Moore got 13 separate swings and misses in the game, all of them purposeful.  Here, we'll list them beyond the 5 we noted above:

  • First pitch 82 slider dropped just below the zone, whuffff
  • First pitch 92 fastball, the Orc was late, because of the willow-switch effect
  • 1-1 fastball, see above
  • 0-1 curve to LH, buried below the zone, whuff
  • 3-1 meatball count to LH, swung thru fastball, again because of the frustration effect*   *this one isn't that impressive; the others are
  • 1-1 to LH, good 91 fastball inside and UP, nice crowdy jam pitch above hands

Stopped charting there

Andrew Moore was nearly Best Bet without striking anybody out.  But that Saturday performance completely turned around my evaluation of this rookie pitcher.

Enjoy,

Dr D

Blog: 

Comments

2

Moore's current FIP is 5.23 or some such. And the orcs are second worst in the AL in K rate, worst in swinging strike rate.
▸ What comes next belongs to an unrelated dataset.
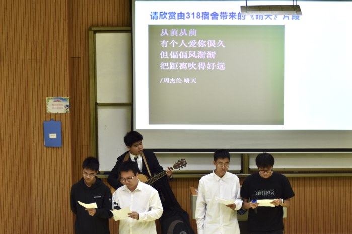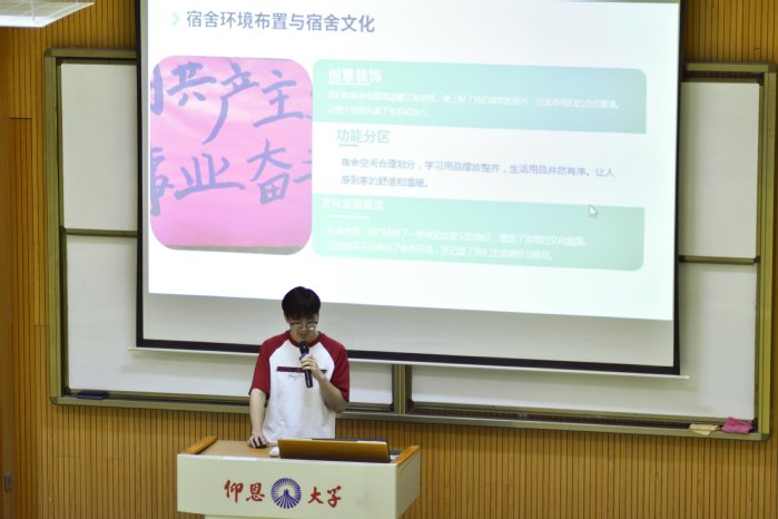 随着主持人宣布活动开始的话音落下,同学们便有序展示自己的宿舍文化。他们以宿舍为单位,通过PPT演示汇报形式,从宿舍人员构成、宿舍布局和宿舍未来展望等出发,充分发挥想象力和团队协作能力,展示宿舍的独特文化,打造出各具特色的“小家”。活动现场掌声不断,各个宿舍风采尽显,有的通过视频展示日常生活,也有歌唱、吉他、舞蹈等才艺展示,赢得了全场观众的阵阵喝彩。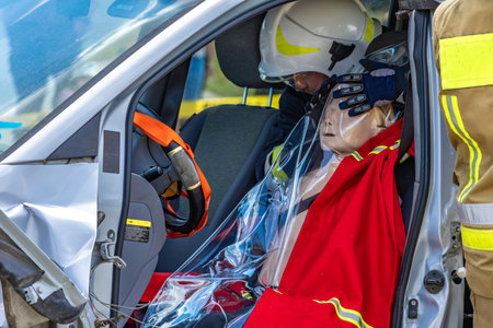 Resuscitation model is sitting on the seat of the driver ready for another medical simulation during professional first aid course

Some of the appearance in this game may have been caused by orc incompetence

That said, I think Moore will beat FIP for three reasons:

Flyball pitchers with good command usually do

He doesn't give up many baserunners...the homers will be more likely to be solo shots (as we're already seen)

And his pop-out rate will be better than average.

Plus which...I doubt his FIP stays that high.